PROBLEM STATEMENT: Only the pictures are to be dropped; the rest of the data below is to be duplicated exactly.

SUPPLIED MATERIAL:
_ _ _ _

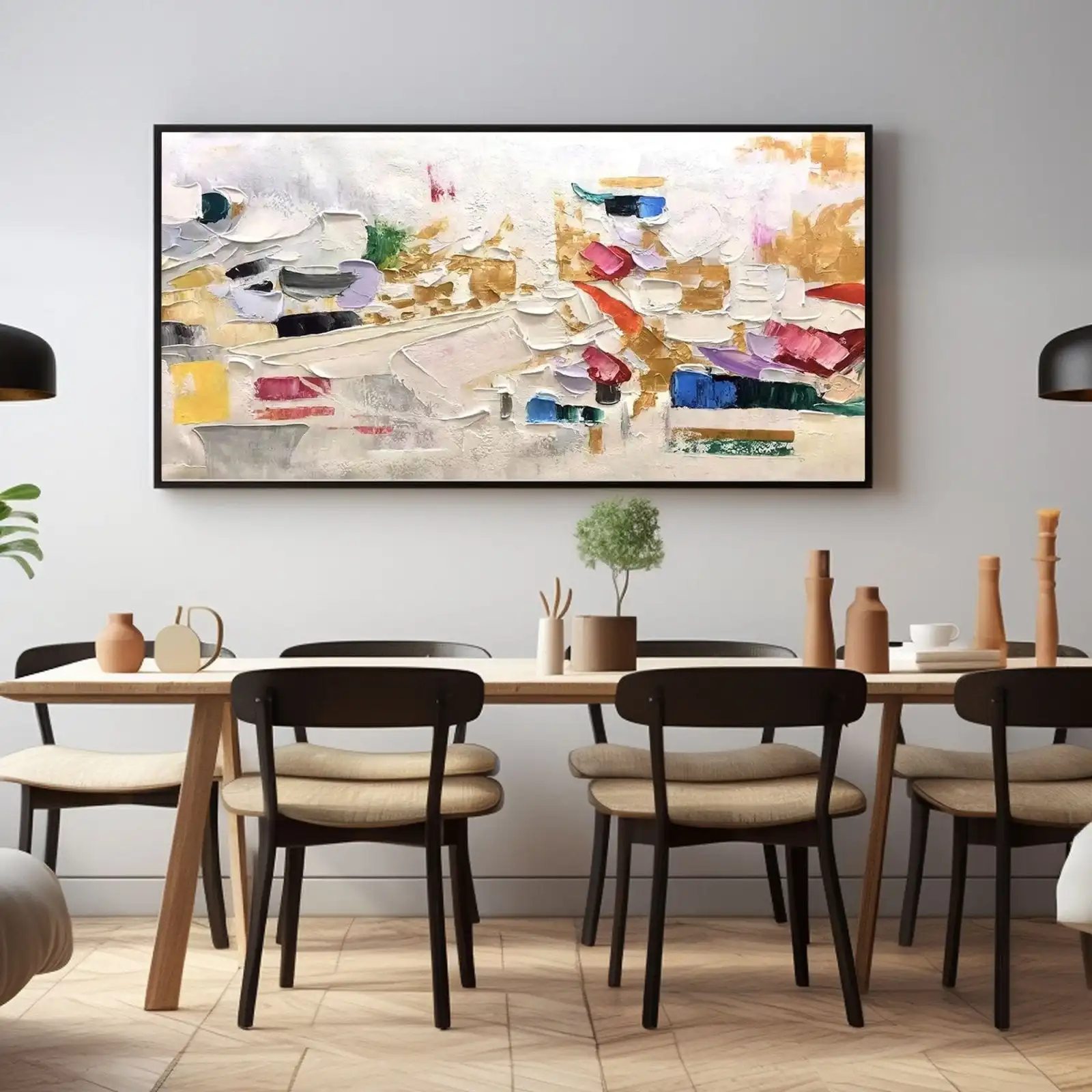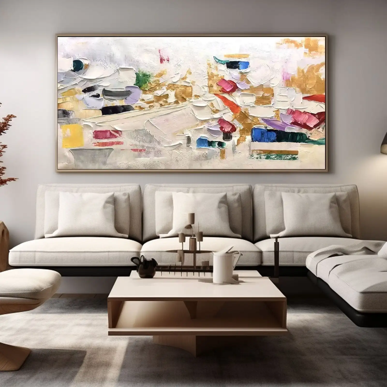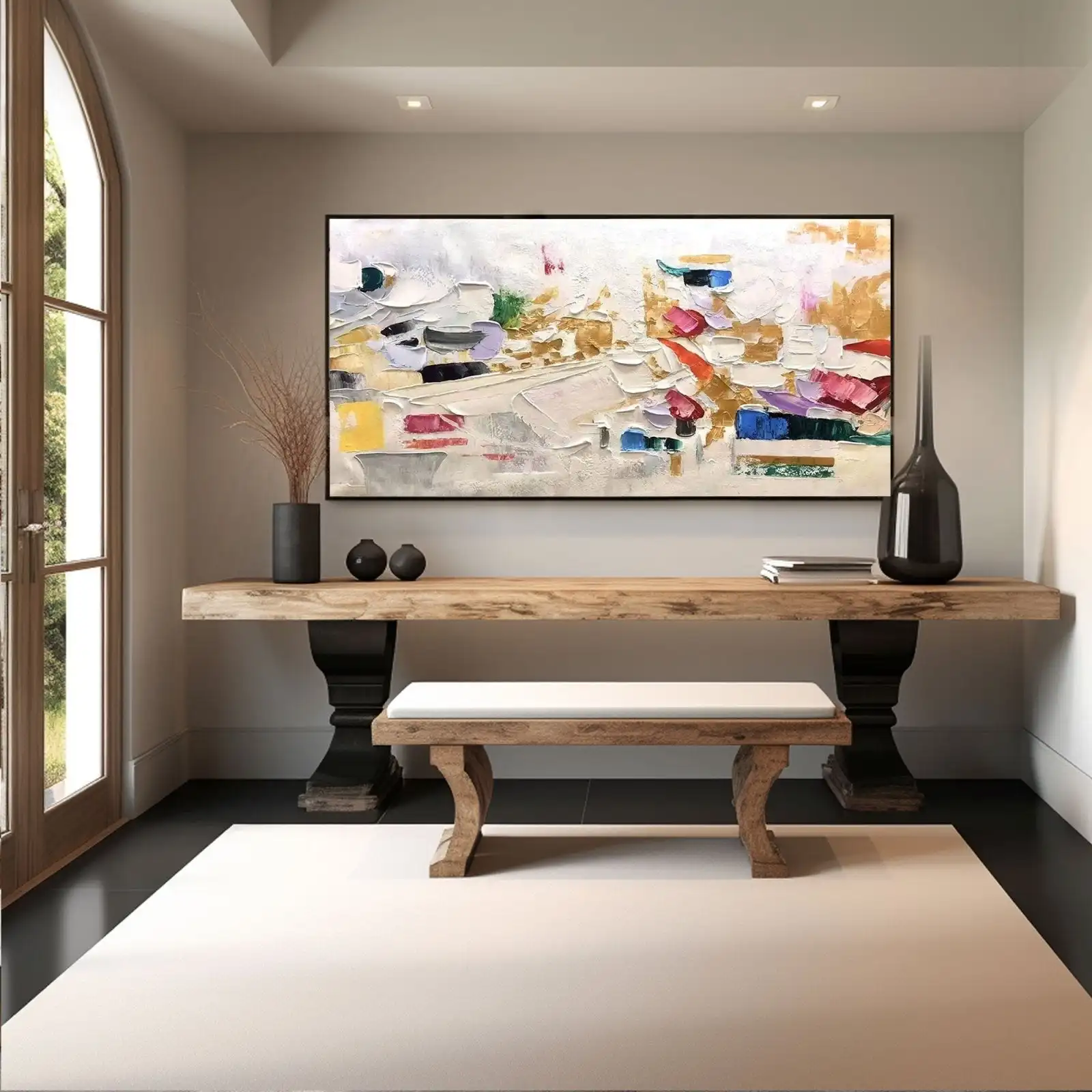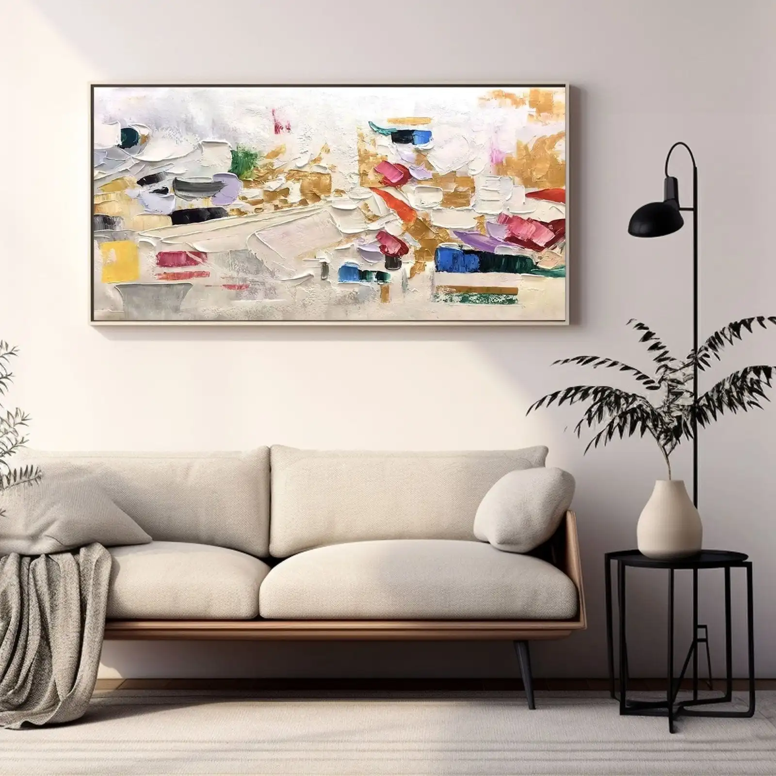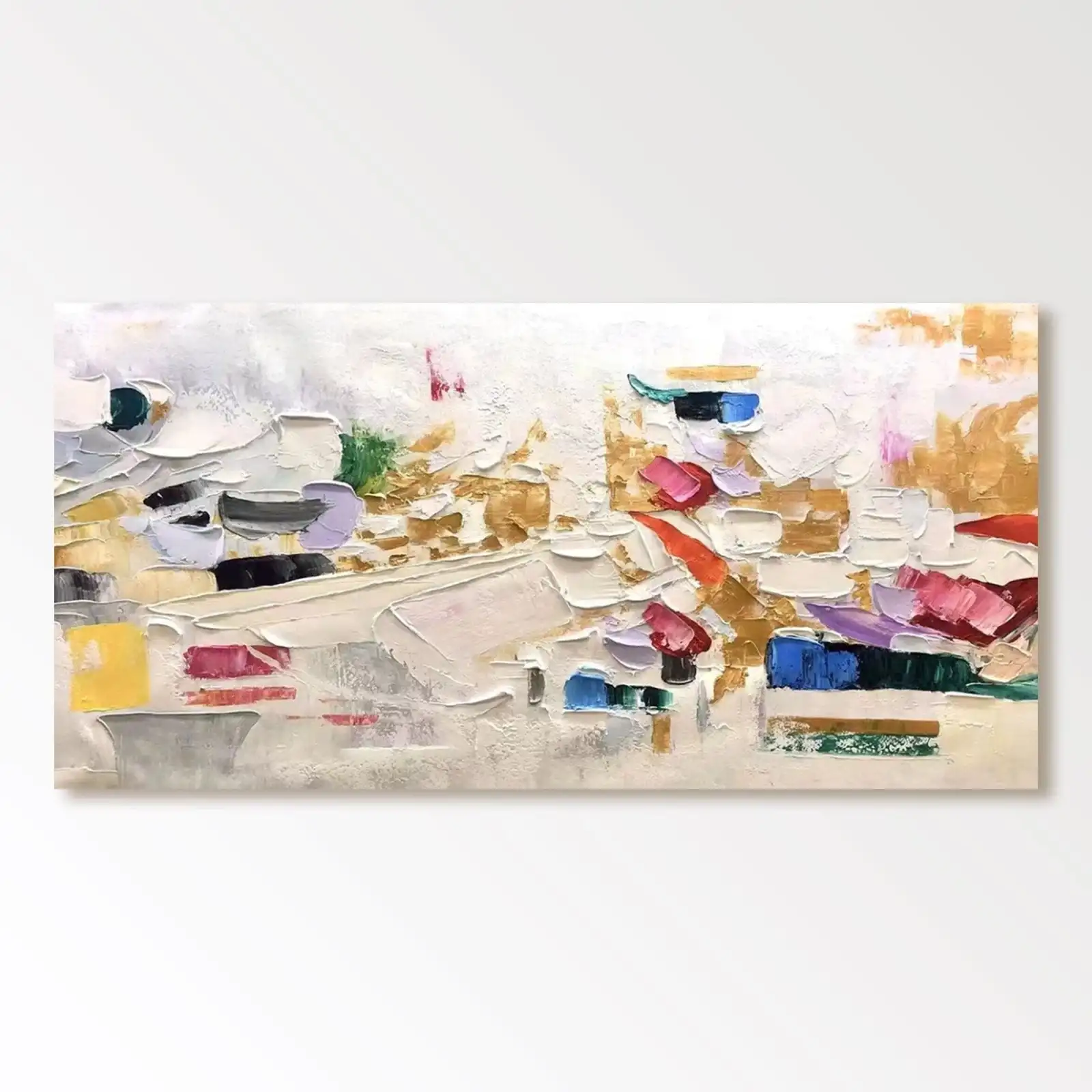 This is a beautiful, Large Handmade Abstract Oil Painting featuring vibrant color and rich texture. It’s an original, frameless piece that immediately elevates any room.
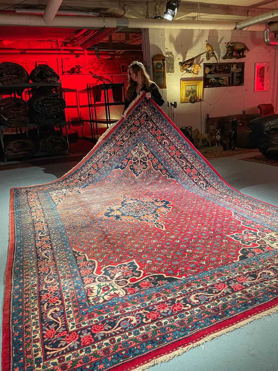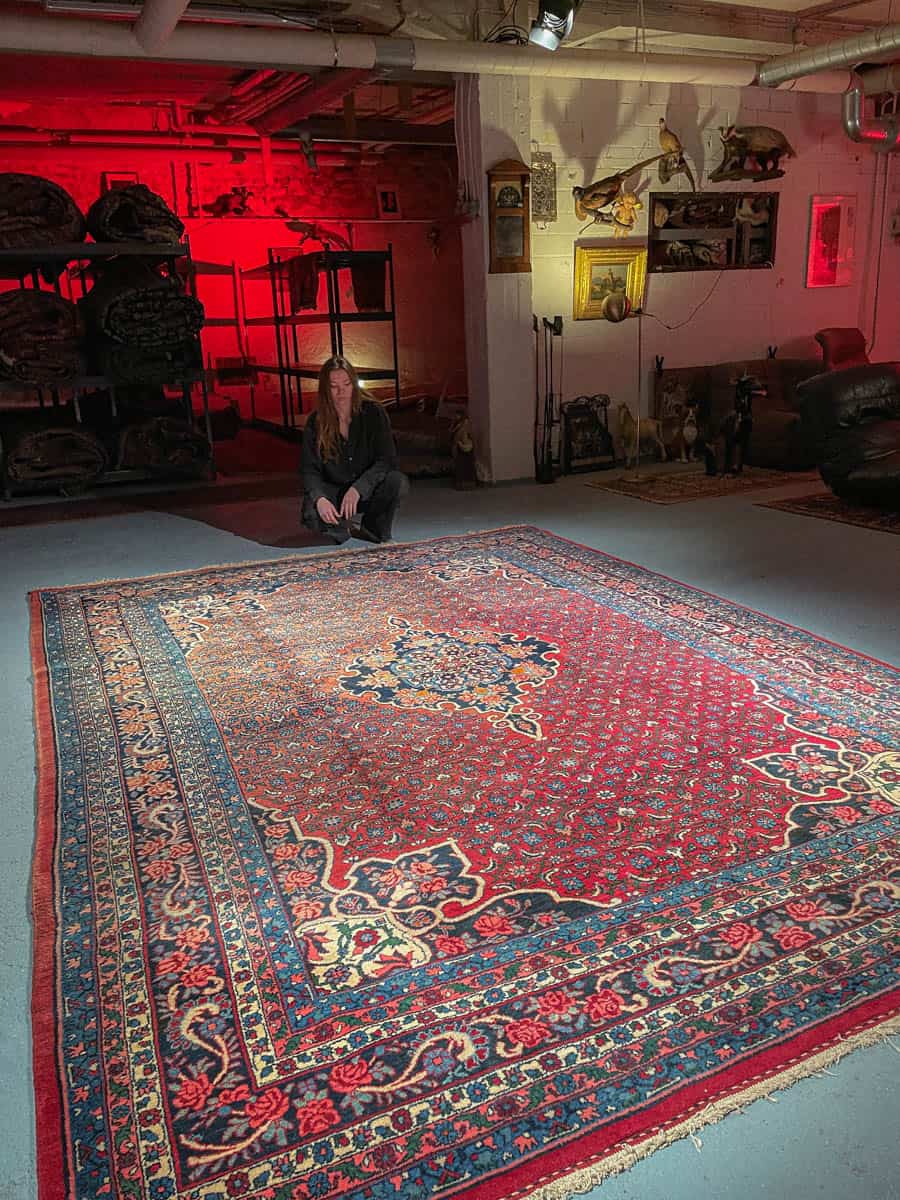 Tämä matto sijaitsee Galleriallamme osoitteessa Kankurinkatu 7, Punavuori – jos haluat tulla katsomaan sitä paikan päälle, sovithan näytön viestitse tai puhelimitse.
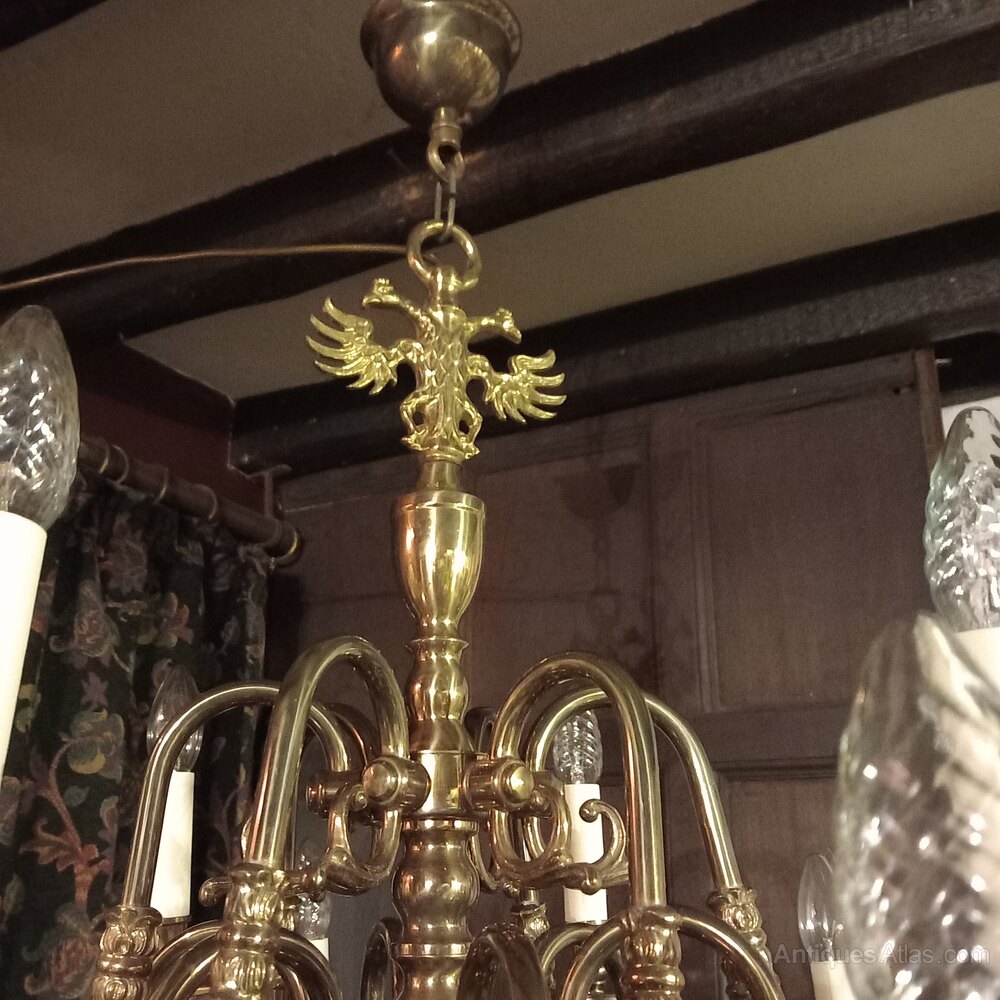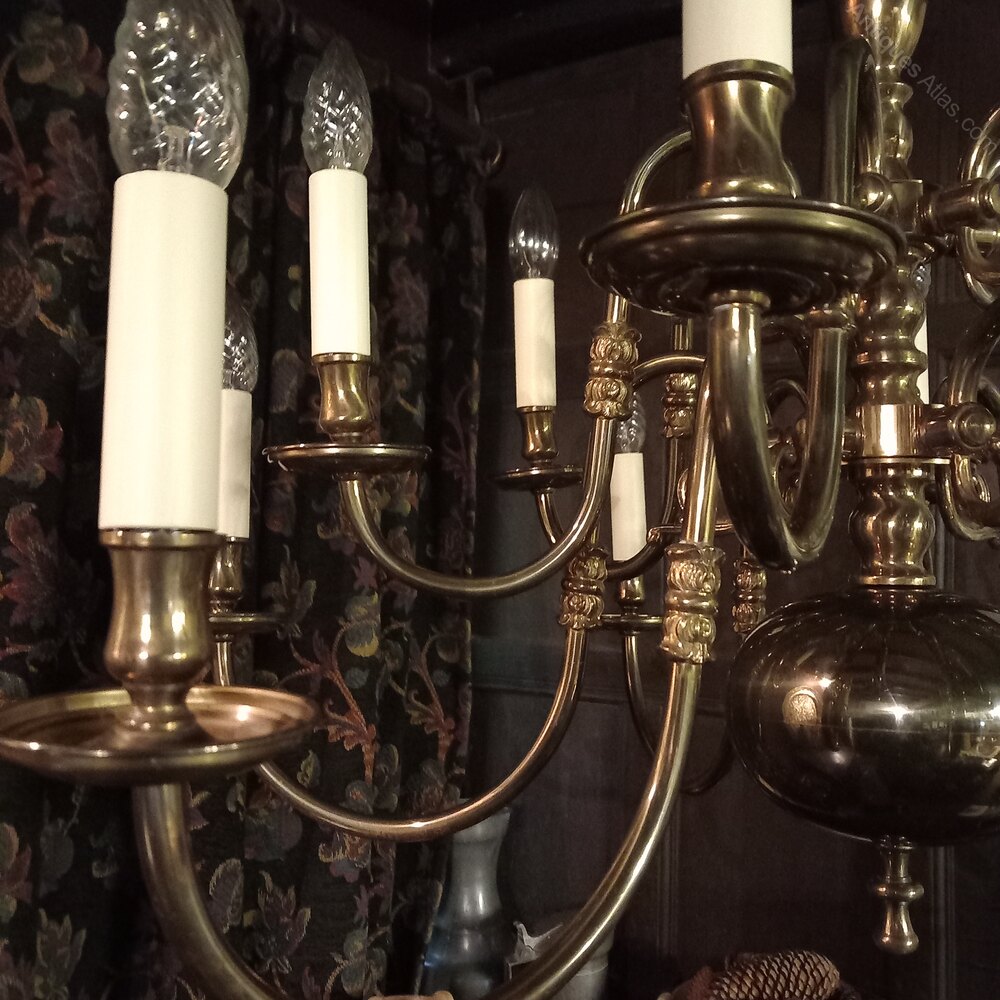A lovely large compact 2 tier 12 light antique brass Flemish chandelier. This chandelier has aged well over then years and has developed a beautiful deep mellow brass patina. This chandelier has been fully rewired and has been pat tested and fitted with new candle tubes.Distance Selling Regulations

_ _ _ _

ANSWER SPACE:
 This is a beautiful, Large Handmade Abstract Oil Painting featuring vibrant color and rich texture. It’s an original, frameless piece that immediately elevates any room.
 Tämä matto sijaitsee Galleriallamme osoitteessa Kankurinkatu 7, Punavuori – jos haluat tulla katsomaan sitä paikan päälle, sovithan näytön viestitse tai puhelimitse.
A lovely large compact 2 tier 12 light antique brass Flemish chandelier. This chandelier has aged well over then years and has developed a beautiful deep mellow brass patina. This chandelier has been fully rewired and has been pat tested and fitted with new candle tubes.Distance Selling Regulations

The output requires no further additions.